As seen above, it's the warm compilations that cause the high CPU. The most expensive one that succeeded, took 129 sec.

This longer run actually reveals something interesting: the number of warm compilations is larger than what it needs to be. The default case has about 22K compilations, but this throughput oriented case shows 50K compilations. I will need to write some scripts to understand why this is the case.

vijaysun-omr commented 2 years ago

Interesting, but can we detect "a large app" as we have tried to do in the past and dial down aspects that we don't believe are appropriate ?

Are you able to reason about why we seem to have cold compilations despite setting initial opt level to warm ?

mpirvu commented 2 years ago

We already have a knob for "largeApp" based on the number of classes loaded, so I'll exploit that. The cold compilations are compilations that failed at warm.

mpirvu commented 2 years ago

One problem with the large app detection is that's a binary decision. I remember that a while ago we had a SOABench regression which was caused (indirectly) by a new of version of WAS that was loading a few extra classes, just enough to make the transition from a small app to a large app.
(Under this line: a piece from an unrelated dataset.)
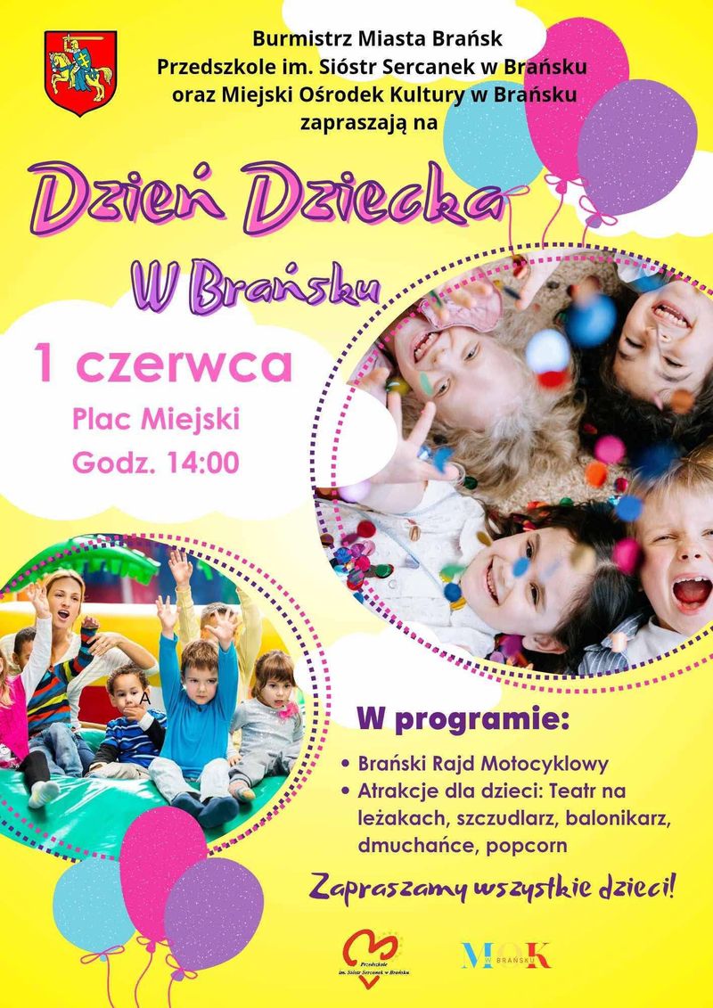Wszystko to w niedzielę, 1 czerwca od godz. 14.00 na Placu Miejskim w Brańsku. - Niech to będzie dzień pełen uśmiechów, zabawy i kolorowych wspomnień! - zachęcają organizatorzy, którymi są: Burmistrz Miasta Brańsk Agata Puchalska, Przedszkole im. Sióstr Sercanek w Brańsku oraz Miejski Ośrodek Kultury w Brańsku. Organizatorami Brańskiego Rajdu Motocyklowego są ponadto: Stowarzyszenie Kultury Podlaskiej „Wspólnota i Jedność”, Stowarzyszenie Międzynarodowy Motocyklowy Rajd Katyński oraz 15 WDH im. „Inki” w Brańsku.

vijaysun-omr commented 2 years ago

How would the DT7 run perform without enableAggressiveInlining ? If the problem is largely down to that one option, we know that option itself maps to several sub options underneath and we can add it to -Xtune:throughput later once we have tuned it better but go ahead with the rest of your PR for now if the performance looks reasonable.

mpirvu commented 2 years ago

Without enableAggressiveInlining performance of DT7 looks reasonable. I am determining which option under enableAggressiveInlining produces the most damage and it appears to be enableInliningDuringVPAtWarm. Without it, the throughput is sort of OK, though obviously there is an increase in CPU (more than 2X) from the other inliner changes. For some reason, If I reduce maxSizeForVPInliningAtWarm=600 to 0, I don't get the full benefit that I get from disableInliningDuringVPAtWarm

mpirvu commented 2 years ago

SPECjbb2005 seems to degrade from enableAggressiveInlining but also from acceptHugeMethods. xalan (from dacapo suite) regresses if scratchSpaceLimit=524288 is used.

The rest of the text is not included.